Police officers exchanged gunfire with Legan, who was wearing a bullet-resistant vest, and struck him, Gilroy Police Chief Scot Smithee said at a news conference on Tuesday. Legan killed himself with a gunshot to the head.

Investigators have discovered he kept a list that appeared to have targets of violence, John Bennett, the FBI agent in charge in the San Francisco office, told the news conference.

One of those potential targets was the one he attacked, the annual Gilroy Garlic Festival, Bennett said. The decades-old event celebrates produce from California’s countryside and is held about 70 miles (110 km) south of San Francisco.

“The shooter appeared to have an interest in varying, competing violent ideologies,” Bennett told reporters.

“Due to the discovery of the target list, as well as other information we have encountered in this investigation, the FBI has opened a full domestic terrorism investigation into this mass shooting.”

RACIST TREATISE

Before the shooting, Legan had posted on his Instagram page a photograph showing a sign warning of a high danger of forest fires. Its caption urged people to read “Might is Right,” a racist and sexist treatise written in the 19th century.

FBI investigators are considering Legan’s Instagram posts as they seek to determine his motivation and are exploring whether he was motivated by white nationalism, Bennett said.

Legan’s target list, which he kept on at least one digital device, had organizations from across the country and included religious institutions and political organizations affiliated with both the Democratic and Republican parties, Bennett said.

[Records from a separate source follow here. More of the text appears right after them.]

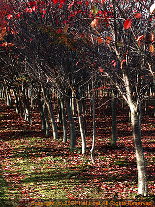 自宅から数百mのところにこの林がある。一応秘密の撮影場所だが、尋ねられたら喜んで教えてさしあげよう。わずか一週間足らずの間に木々はすっかり色づき、枝と地面一面が鮮やかな紅に覆われている。しかし、今年はこの光景を見ることは出来ない。台風のバカヤロー
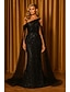 שמלת ערב עם קשירה שחורה / עמודה אלגנטית שמלה רשמית חתונה רשמית באורך הרצפה ללא שרוולים קטיפה על כתף אחת עם פנינים ופרחים על הכתף 2025
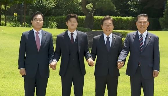 ▲ 이재명 대통령과 여야 지도부의 첫 만남(이재명 대통령 유투브 영상화면 캡춰) |
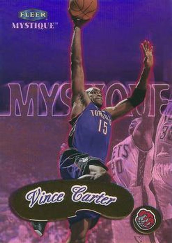 The Vince Carter 1999 Fleer Mystique #94 Gold card is 1 of 8 Vince Carter's card variations in the 1999 Fleer Mystique set being tracked by Sports Card Investor, including #94 Base /2999, #142 Base /2999, #94 Masterpiece /1, #142 Masterpiece /1, and Feel the Game Memorabilia.
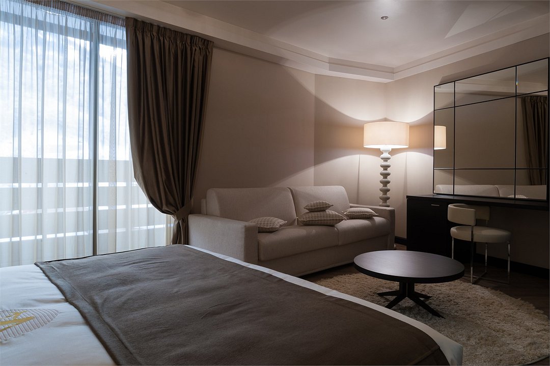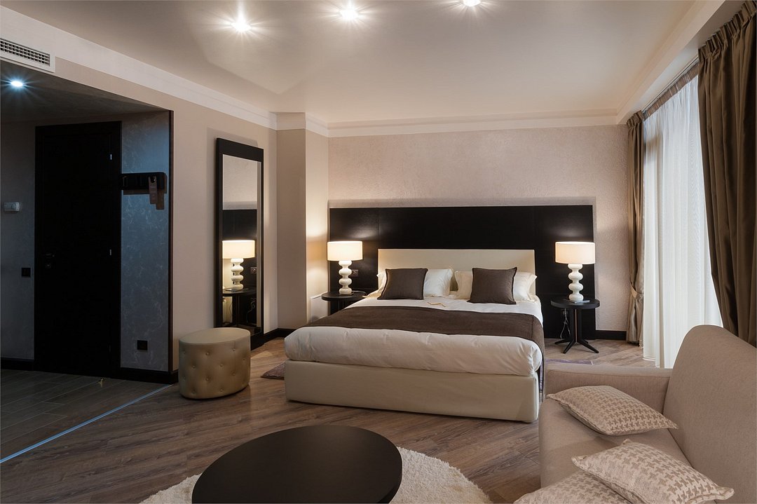 Номера категории "Люкс" в отеле Villa Adriano - дизайнерские двухкомнатные номера с балконом, площадью 43 м2, с уютной гостиной и спальней, все оснащение номера выполнено на заказ в Италии по проектам лучших дизайнеров интерьеров, которые постарались сделать номера максимально уютными и респектабельными для VIP гостей нашего отеля. Здесь Вы найдете все, что необходимо для Вашего комфортного пребывания и отдыха.Услуги и удобства
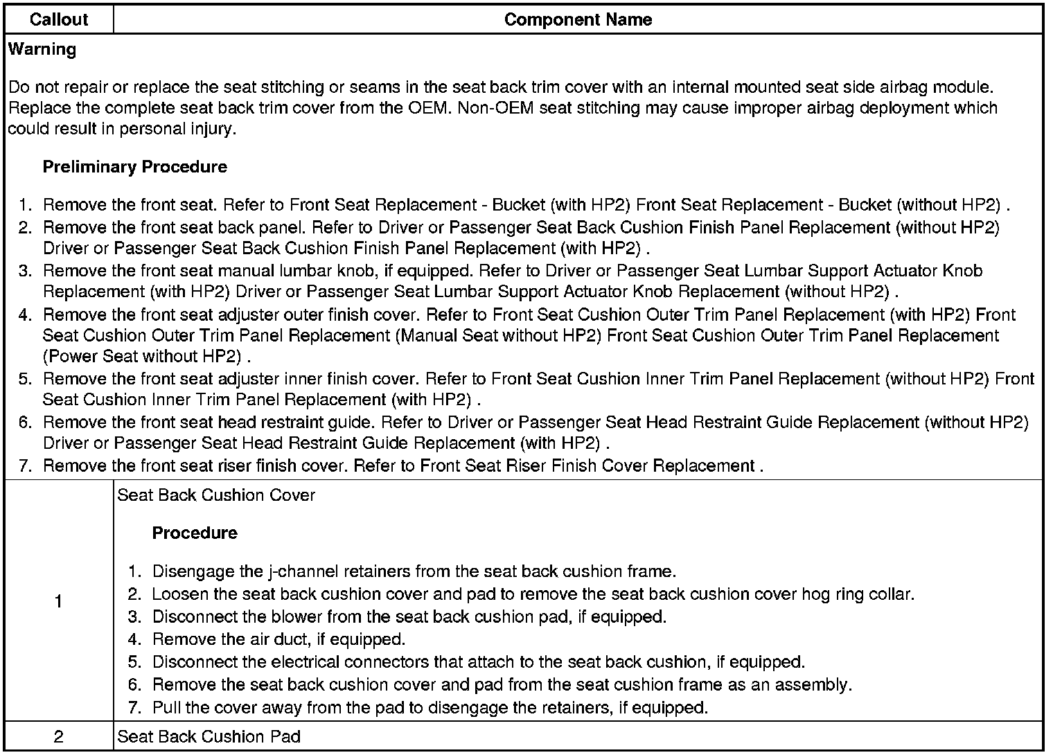 Driver or Passenger Seat Back Cushion Cover and Pad Replacement

Legan left no manifesto, Bennett said, declining to provide other details on his ideological leanings.

Legan fired 39 rounds and the three officers who confronted him fired 18, Smithee said, and Legan had more than 200 rounds of ammunition on or near his body.

Legan’s family in a statement on Tuesday apologized to the families of the three people he killed and to the wounded, according to the Los Angeles Times.

“We have never and would never condone the hateful thoughts and ideologies that led to this event, and it is impossible to reconcile this with the son we thought we knew,” the statement said.

Members of Legan’s family could not immediately be reached for comment.